Зинаида Серебрякова - Алла Александровна Русакова
Шрифт:
Интервал:
Закладка:
Портрет девушки в розовом с собачкой (Ида Велан). 1926
Портрет А. К. Бенуа. 1924
Среди портретов близких Серебряковой лиц, написанных сразу же или вскоре после приезда в Париж, нельзя не остановиться на пастельном портрете А. А. Черкесовой-Бенуа с сыном (Татаном), созданном с глубокой и ясно ощутимой симпатией к своим моделям (уже позировавшим Зинаиде Евгеньевне в 1922 году). Очень тонок по психологической характеристике относящийся к тому же времени портрет Анны Карловны Бенуа, о котором Александр Николаевич писал в 1959 году И. С. Зильберштейну, упоминая вначале «великолепную вещь» — портрет А. К. Бенуа, написанный в 1908-м В. А. Серовым, но добавляя: «Несравненно ближе передает Анну Карловну тот портрет, который исполнила с нее Серебрякова»[82].
К сожалению, известен только один карандашный набросок самого Бенуа во время чтения им своих «Воспоминаний», выполненный Серебряковой в конце 1953 года.
В 1926 году Зинаида Евгеньевна исполняет гуашью небольшой портрет К. А. Сомова, очень с нею дружившего и много ей помогавшего. Она пишет портрет долго, с большим вниманием и любовью. Сам портретируемый, всегда строгий и беспристрастный в своих оценках, писал сестре: «Не плохо, много сходства, но какая-то не моя улыбка — улыбка или мина всех ее портретов»[83].
Портрет дяди Шуры (А. Н. Бенуа). 1953
Портрет К. А. Сомова. 1926
Несмотря на такой отзыв, это позднее изображение Сомова кажется весьма убедительным по характеристике, не говоря уже о зрелом мастерстве портретиста.
На протяжении всех эмигрантских лет Серебрякова множество раз писала своих детей[84], иногда единственно доступных ей моделей (хотя в 1930-е годы, когда и Александр Борисович, и Екатерина Борисовна стали уже самостоятельными, профессиональными художниками и очень занятыми людьми, позировать им матери стало, естественно, труднее).

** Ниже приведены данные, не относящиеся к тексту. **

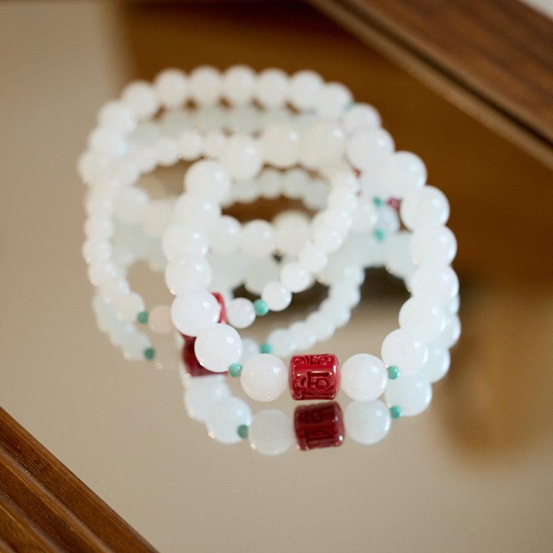 Hetian White Jade Bracelet for Women with Cinnabar Six-Word Mantra, Jadeite Hetian Jade Beads, Zodiac Year Gift
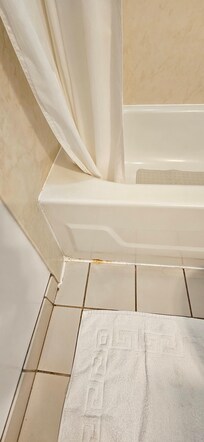 4. The window and bathroom required more thorough cleaning: there was mold and stains on the joints and corners, and the showerhead and door were quite dirty; I was able to clean part of the dirt on the door with a wet wipe, which indicates that the dirt is removable and not simply signs of normal wear.
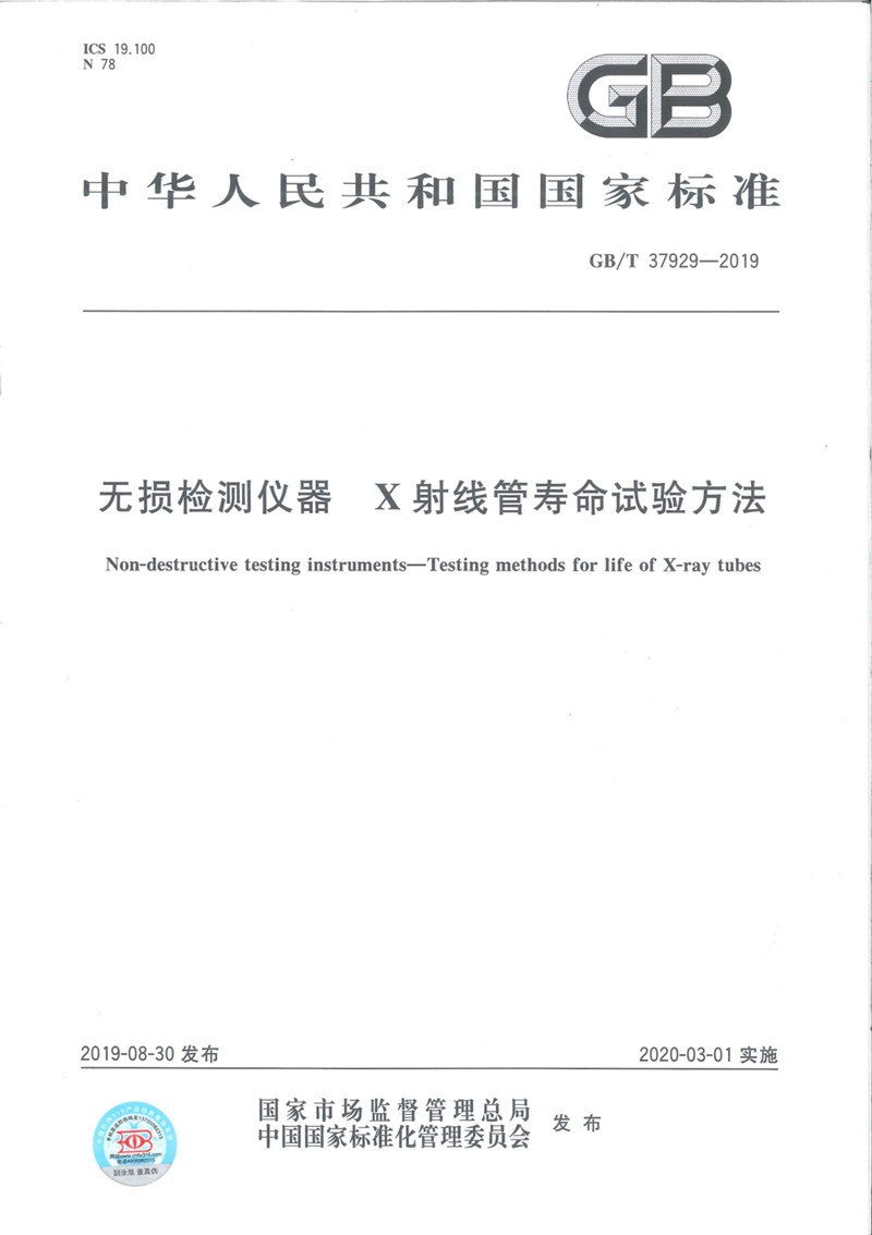 | 《無損檢測儀器X射線管壽命試驗方法》 | GB/T 37929-2019 | 2019-8-30 |

Одним из первых портретов сына была интересно и также «обстановочно» решенная картина-портрет «В кафе», где еще очень юный Александр читает газету, сидя за столиком, а на живописно решенном втором плане тактично обобщены фигуры бармена и нескольких посетителей.

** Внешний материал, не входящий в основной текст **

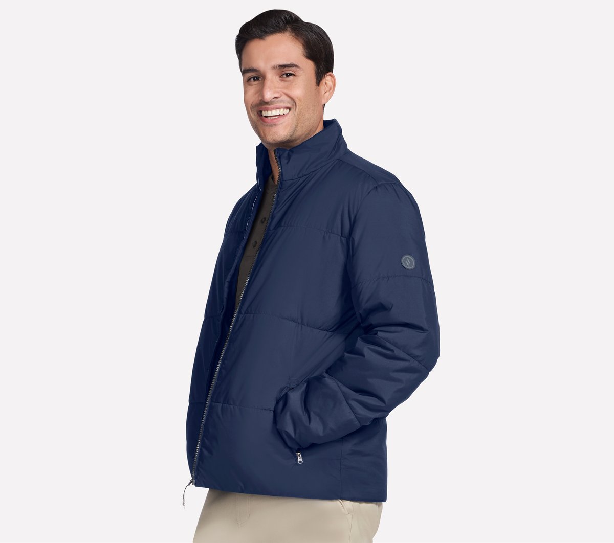 Add a layer of cloud-like softness to an outerwear favorite with Skechers GO SHIELD™ Cozy Fit® Traverse Down Jacket. This full-zip puffer jacket is made from our water-resistant GO SHIELD™ Cozy Fit® fabric and features duck down insulation, zipped hand pockets, and an adjustable stretch drawcord at bottom hem.
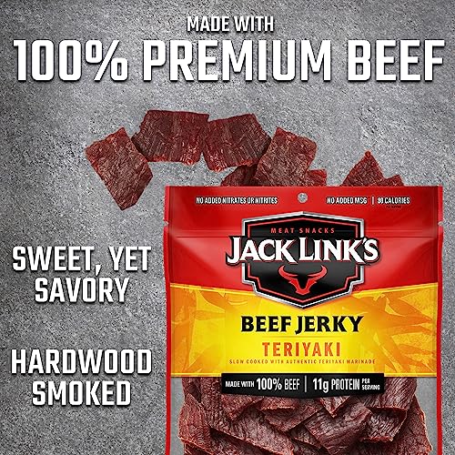 Jack Link’s Beef Jerky, Teriyaki Flavor, 2.6 Oz – Flavorful Meat Snack, 11g Of Protein And 80 Calories, Made With 100% Beef – No Added MSG Or Nitrates/Nitrites
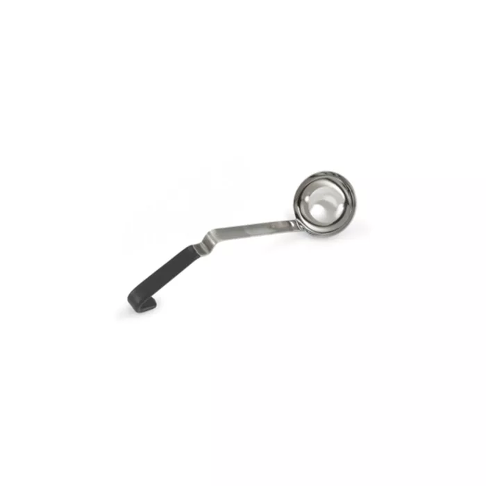 The one-piece and stainless steel construction ensures the ladle is strong enough to survive in the toughest kitchen conditions. The ladle is fully functional up to 350ºF and the insulated coating permanently bonded to the utensil will not slip or peel off. The offset handle makes this product more comfortable to use and the handle stopper prevents the ladle from sliding into the serving container.
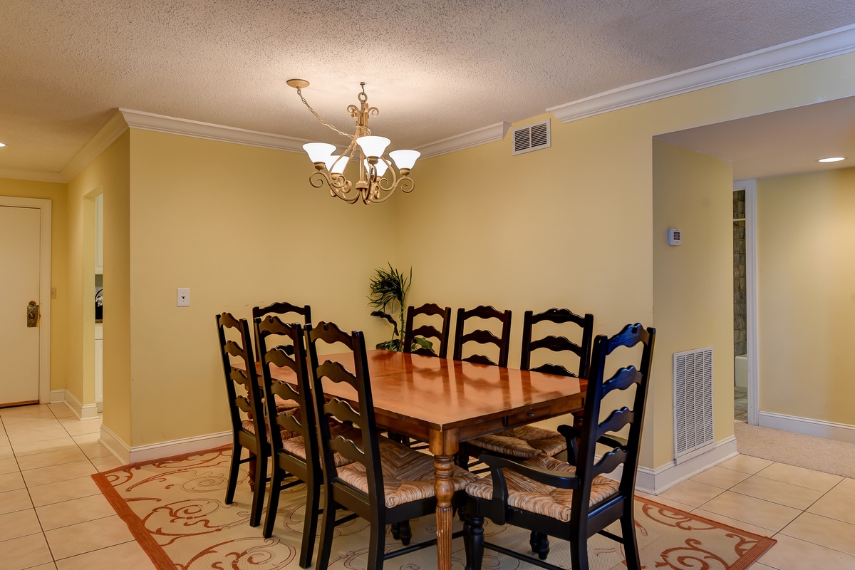 In this open floor plan, the dining room seats eight fashionably, with the nearby kitchen which features granite countertops, a flat cooktop and tile flooring. Every detail is thoughtfully considered in this one-of-a-kind villa.
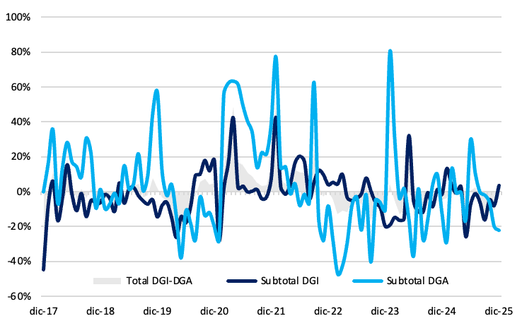 A nivel mensual, la dinámica de la recaudación continuó reflejando el impacto de estos factores heredados, aunque comenzaron a observarse algunas señales incipientes de estabilización en determinados tributos. En este marco, la Dirección General Impositiva (DGI) logró finalizar diciembre con un crecimiento real del 3,6% interanual, cortando una racha negativa de siete meses consecutivos.
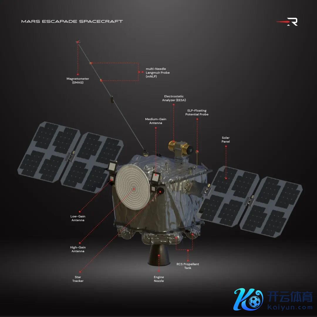 ▲火箭顶部搭载NASA ESCAPADE双探伤器(Escape and Plasma Acceleration and Dynamics Explorers,逃跑、等离子体加快与能源学探伤器)。这两颗紧凑型低资本探伤卫星,永诀定名为「蓝色」和「金色」。由加州大学伯克利分校空间科学实验室处分,属于NASA袖珍翻新行星探索(SIMPLEx)名目,由火箭实验室(Rocket Lab)公司竖立,总资本仅为1.074亿好意思元,这关于常见动辄十亿好意思元级的火星任务而言,这是一次极致性价比尝试。

В кафе (А. Б. Серебряков). 1926
Портрет Е. Б. Серебряковой. 1930
Портрет А. Б. Серебрякова в синей блузе. 1925
Читающая Катя. 1941
Портреты Кати, написанные, как правило, маслом и наверняка с меньшим напряжением и вынужденной поспешностью, чем портреты многих заказчиков, дают возможность проследить все более глубокое и вдумчивое проникновение Серебряковой в развитие — внутреннее и внешнее — дочери. Она писала Катю во время совместных поездок в Бретань, на юг Франции, в Италию, иногда на фоне пейзажа, на террасах, на пляже. Особое место среди этих превосходных работ занимает относительно поздний портрет спящей Кати (1945), прекрасный в своей естественности, в воплощении состояния покоя и полной отрешенности от окружающего, давший возможность Серебряковой особенно тонко и любовно передать облик самого душевно близкого ей человека.
Читающий Шура. 1945
Катя за работой. 1945
Лишь в последнее десятилетие своей жизни смогла она написать портреты двух других своих детей, уже зрелых и даже не очень молодых — Татьяну Борисовну и Евгения Борисовича, которые только в 1960-е годы, после почти сорокалетней разлуки, смогли приехать к матери в Париж.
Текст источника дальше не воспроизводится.